It is my understanding that the Outer Product of a vector with its transpose is symmetric in value.
Does Numpy take this into account to only do the multiplications
Exploring some alternatives:
In [162]: x=np.arange(100)
In [163]: np.outer(x,x)
Out[163]:
array([[ 0, 0, 0, ..., 0, 0, 0],
[ 0, 1, 2, ..., 97, 98, 99],
[ 0, 2, 4, ..., 194, 196, 198],
...,
[ 0, 97, 194, ..., 9409, 9506, 9603],
[ 0, 98, 196, ..., 9506, 9604, 9702],
[ 0, 99, 198, ..., 9603, 9702, 9801]])
In [164]: x1=x[:,None]
In [165]: x1*x1.T
Out[165]:
array([[ 0, 0, 0, ..., 0, 0, 0],
[ 0, 1, 2, ..., 97, 98, 99],
[ 0, 2, 4, ..., 194, 196, 198],
...,
[ 0, 97, 194, ..., 9409, 9506, 9603],
[ 0, 98, 196, ..., 9506, 9604, 9702],
[ 0, 99, 198, ..., 9603, 9702, 9801]])
In [166]: np.dot(x1,x1.T)
Out[166]:
array([[ 0, 0, 0, ..., 0, 0, 0],
[ 0, 1, 2, ..., 97, 98, 99],
[ 0, 2, 4, ..., 194, 196, 198],
...,
[ 0, 97, 194, ..., 9409, 9506, 9603],
[ 0, 98, 196, ..., 9506, 9604, 9702],
[ 0, 99, 198, ..., 9603, 9702, 9801]])
Comparing their times:
In [167]: timeit np.outer(x,x)
40.8 µs ± 63.1 ns per loop (mean ± std. dev. of 7 runs, 10000 loops each)
In [168]: timeit x1*x1.T
36.3 µs ± 22 ns per loop (mean ± std. dev. of 7 runs, 10000 loops each)
In [169]: timeit np.dot(x1,x1.T)
60.7 µs ± 6.86 ns per loop (mean ± std. dev. of 7 runs, 10000 loops each)
Is dot
using a transpose short cut? I don't think so, or if it does, it doesn't help in this case. I'm a little surprised that dot
is slower.
In [170]: x2=x1.T
In [171]: timeit np.dot(x1,x2)
61.1 µs ± 30 ns per loop (mean ± std. dev. of 7 runs, 10000 loops each)
Another method
In [172]: timeit np.einsum('i,j',x,x)
28.3 µs ± 19.4 ns per loop (mean ± std. dev. of 7 runs, 10000 loops each)
einsum
with x1
and x2
has the same times.
Interesting that matmul
does as well as einsum
in this case (maybe einsum
is delegating to matmul
?)
In [178]: timeit x1@x2
27.3 µs ± 1.09 µs per loop (mean ± std. dev. of 7 runs, 10000 loops each)
In [179]: timeit x1@x1.T
27.2 µs ± 14.2 ns per loop (mean ± std. dev. of 7 runs, 10000 loops each)

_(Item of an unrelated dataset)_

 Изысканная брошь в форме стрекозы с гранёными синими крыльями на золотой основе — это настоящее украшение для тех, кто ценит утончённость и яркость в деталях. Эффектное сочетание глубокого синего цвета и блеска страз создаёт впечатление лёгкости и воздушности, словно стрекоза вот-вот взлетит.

Numpy efficient matrix self-multiplication (gram matrix) demonstrates how dot
can be save time by being clever (for a 1000x1000 array).

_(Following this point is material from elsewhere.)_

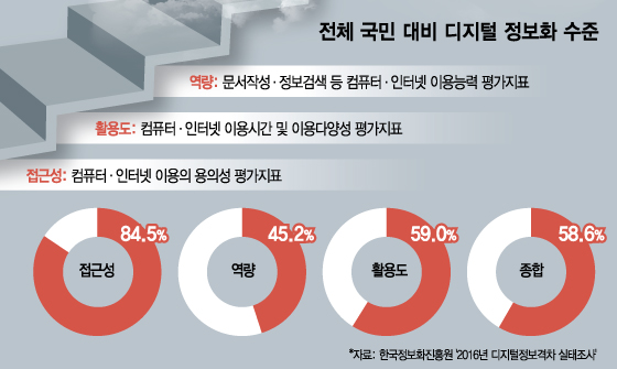 ◇소외계층 정보 역량, 일반국민의 절반도 안돼=한국정보화진흥원(NIA)이 공개한 ‘2016 디지털정보격차 실태조사’에 따르면 장애인·저소득층·농어민·장노년층 등 4대 소외계층의 디지털 정보화 수준은 전체 국민의 58.6% 수준에 머물렀다. 2015년 52.4% 대비 다소 호전된 결과지만 디지털 정보의 홍수 속에서 ‘외딴 섬’에 고립된 사람들은 여전히 많다.

As discussed in the links, dot
can detect when one argument is the transpose of the other (probably by checking the data buffer pointer and shape and strides), and can use a BLAS function optimized for symmetric calculations. But I don't see evidence of outer
doing that. And its unlikely that broadcasted multiplication would take such a step.